Health Savings Accounts (HSAs) feature useful tax advantages that make them a popular savings vehicle. In addition to allowing for tax-deductible contributions, tax-free growth, and tax-free withdrawals for qualified medical expenses (the so-called ‘triple tax benefit’), HSA funds can be invested and allowed to grow for the long term – which has led many people to treat their HSA as a de facto retirement account by saving and investing the funds to be used for healthcare costs in retirement.
One possible outcome of ‘superfunding’ an HSA, however, is that the account owner may not actually use up all of their HSA funds over their lifetime, which can have significant tax consequences. Namely, if the HSA’s beneficiary is anyone other than the owner’s spouse, the account loses its HSA status and the entire account value becomes taxable income to the beneficiary in the year of the original owner’s death.
For advisors who recommend HSA-maximizing strategies, then, it’s important to consider the risks of the account owner being unable to use up their funds and to plan for potential ways to quickly draw down the account in the event the HSA owner will not outlive their HSA funds.
One such strategy is to advise clients to keep track of any qualified medical expenses they incur after establishing the HSA – even those that are paid for from funds outside the HSA. Because if the owner ever needs to quickly withdraw funds from the HSA, they will be able to do so tax-free to the extent that they have any previously unreimbursed medical expenses from any point after the HSA was established – which could allow the HSA owner to make a tax-free ‘deathbed drawdown’ of a large amount (or even all) of their account, which would otherwise become taxable income if inherited by the account beneficiary. It’s also important for other parties involved in the owner’s estate plan to be aware of their roles, and to ensure that any funds withdrawn from the HSA are still distributed according to the HSA owner’s wishes.

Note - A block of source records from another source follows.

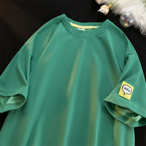 Gefertigt aus 100 % atmungsaktivem Polyester, bietet es Leichtigkeit, Feuchtigkeitsableitung und optimale Bewegungsfreiheit – ideal für warme Sommertage oder entspannte Freizeitmomente. Der klassische Rundhalsausschnitt und die halblangen Ärmel verleihen dem Shirt eine ausgewogene Silhouette, während der lockere Schnitt für einen modernen Streetwear-Touch sorgt.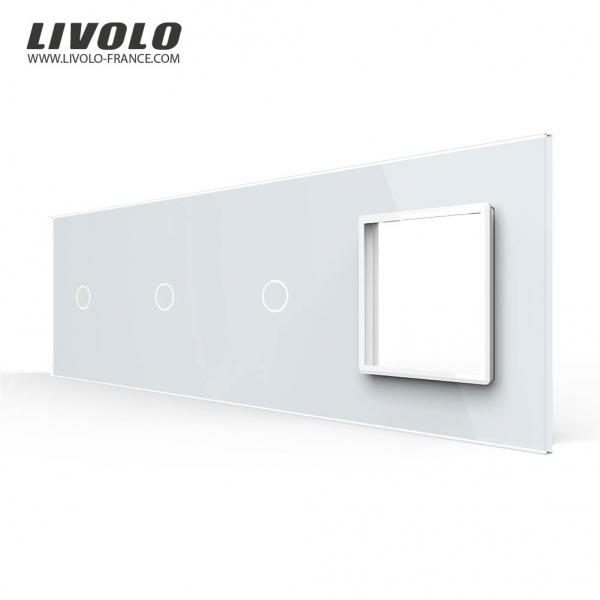 3 emplacement pour module tactile 1 bouton et 1 emplacement pour prise.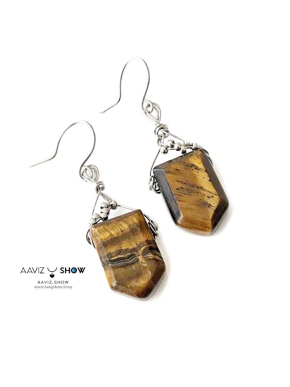 گوشواره سنگ چشم ببر معدنی با تراش خاص و زیبا ساخته شده با عشق خالص طبیعی و معدنی با خواص شگفت انگیز با متریال استیل ضد حساسیت برای تو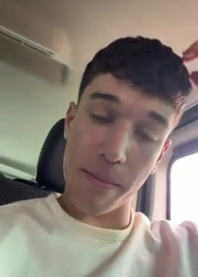 A young man with short dark hair and a white t-shirt is in a car. He looks directly at the camera, runs his hand through his hair, and sticks out his tongue briefly. The car interior and a glimpse of the outside are visible. Music is playing in the background.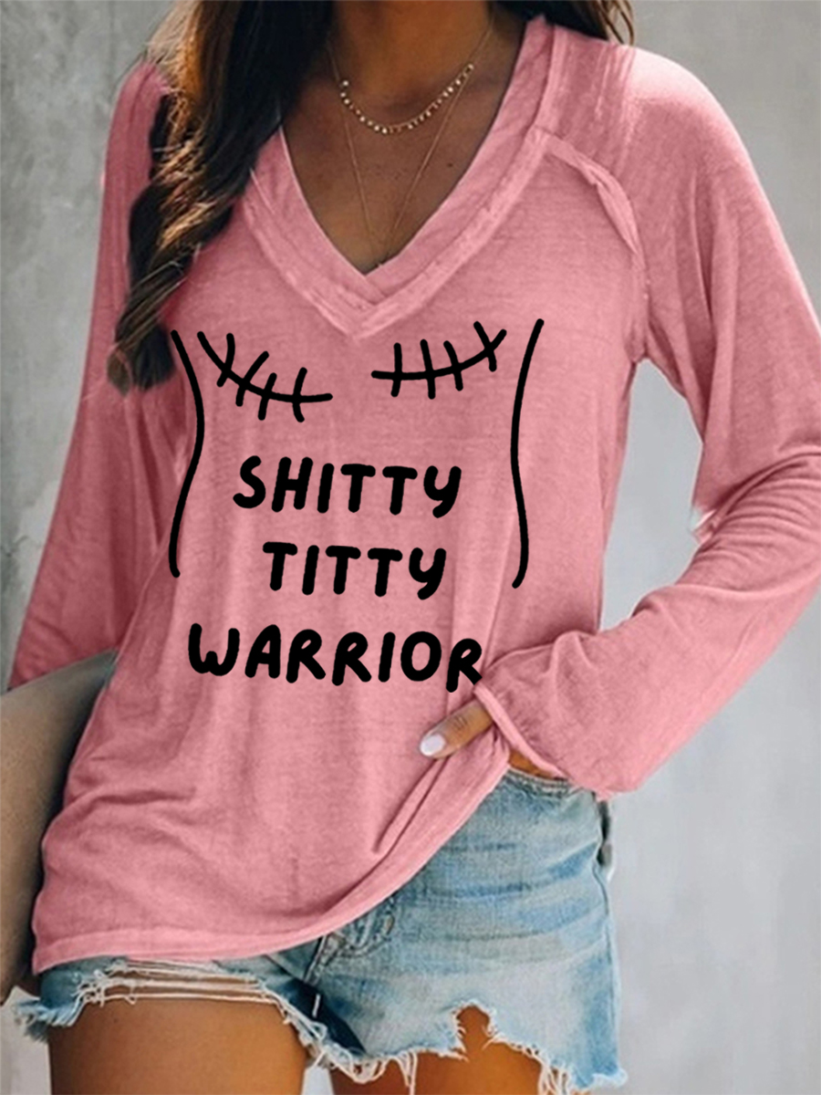 Women's Shitty Titty Warrior Breast Cancer Awareness Support V-Neck Long-Sleeve Top

The key point is that the more that advisors (and their clients) can plan in advance for the contingency of needing to quickly withdraw HSA funds, the more likely they will actually be able to do so. Because although it (hopefully) isn’t likely that any one person will need to do a deathbed HSA drawdown, as more people establish HSAs and accumulate large balances, the odds are that the need to quickly withdraw those funds will become increasingly common – making it all the more valuable for advisors (particularly those recommending HSA maximization strategies) to have tools for doing so while still maximizing the tax advantage of the HSA!